Death of Henry VIII - The last Days
King Henry VIII spent his last 8 days in bed and was too weak to even to lift a glass to his lips. His sick room was filled with the hideous stench of his bursting leg ulcers. His doctors and physicians were afraid to tell him that he was dying because the Treason Act forbade anyone from predicting the death of the king. Archbishop Thomas Cranmer gently told Henry of his imminent death. King Henry VIII died on 28 January 1547.
Death of Henry VIII - The Burial and the strange prophecy
Following the death of Henry VIII his body was transported to Windsor for burial. Legend has it that sometime during the night the coffin burst open and when the sentries found him, dogs were licking his remains. Someone had once prophesied that "...dogs will lick his bones as they did Ahab's." and this legend appeared to fulfil this prophecy. Henry VIII was finally buried in St George's Chapel in Windsor Castle, next to his third wife, Jane Seymour.

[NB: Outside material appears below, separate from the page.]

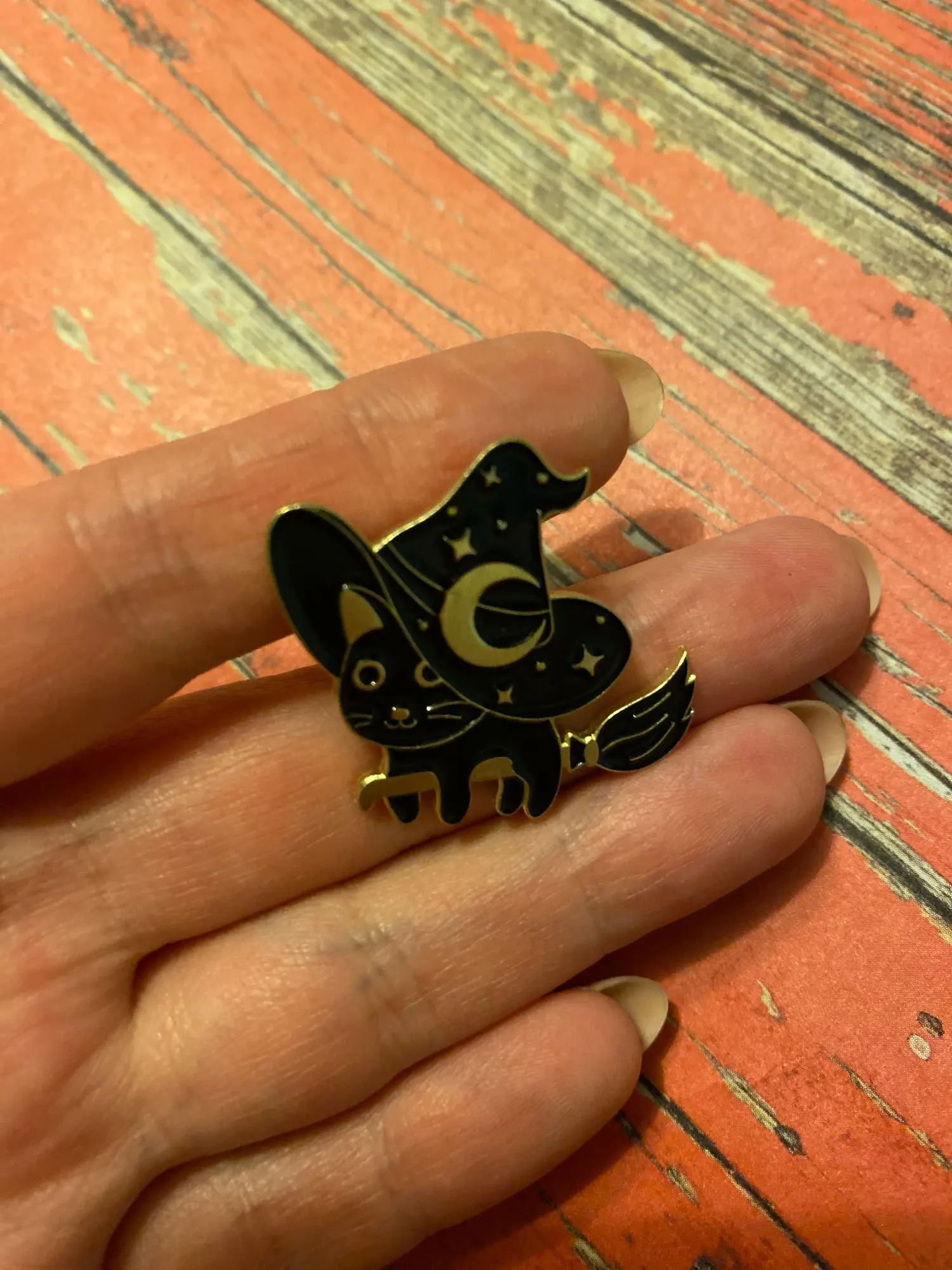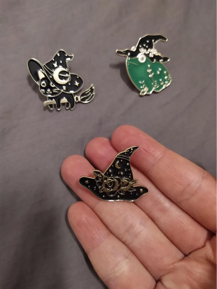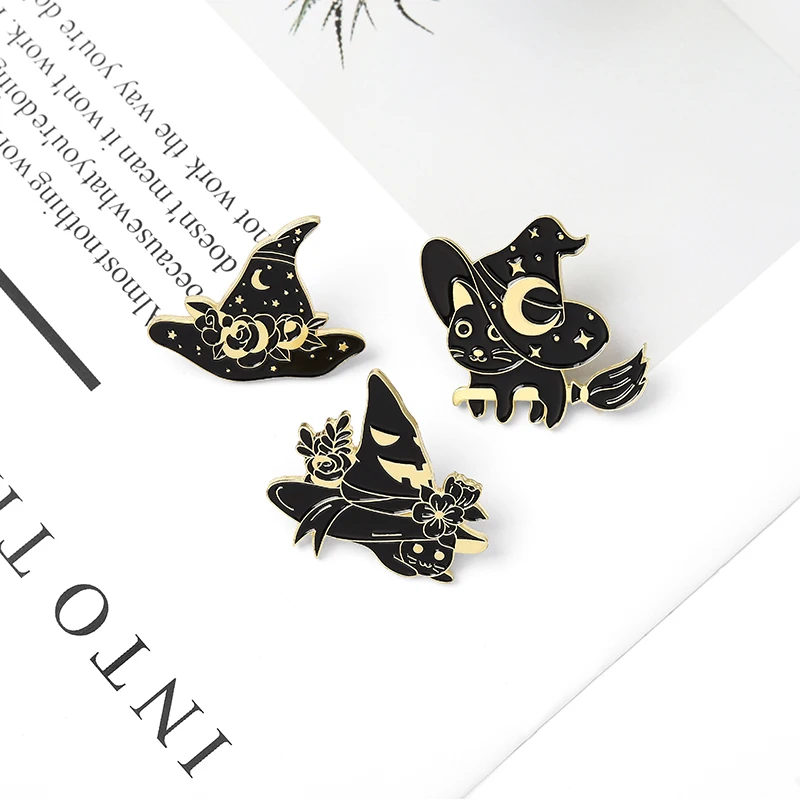 Значок на лацкан в готическом стиле, с изображением ведьмы, котов, звездного волшебника, брошь шляпа, для сумок, одежды, колдовские украшения

Death of Henry VIII - His Will
Henry VIII had made a Will confirming the order of succession upon his death. The Will of King Henry VIII dictated that his son, Edward, should succeed on his death. If Edward then died without heirs, his daughter Mary should then accede, followed by Elizabeth, if Mary also died childless. Should all his children die without issue, the will stated that the throne of England was to go to the descendants of his younger sister, Mary and the Grey line and not those of his elder sister, Margaret and the Stuart line, although there is some suspicion that the Seymour faction appointed to rule during the minority of King Edward VI had these alterations to the Will to suit their own interests.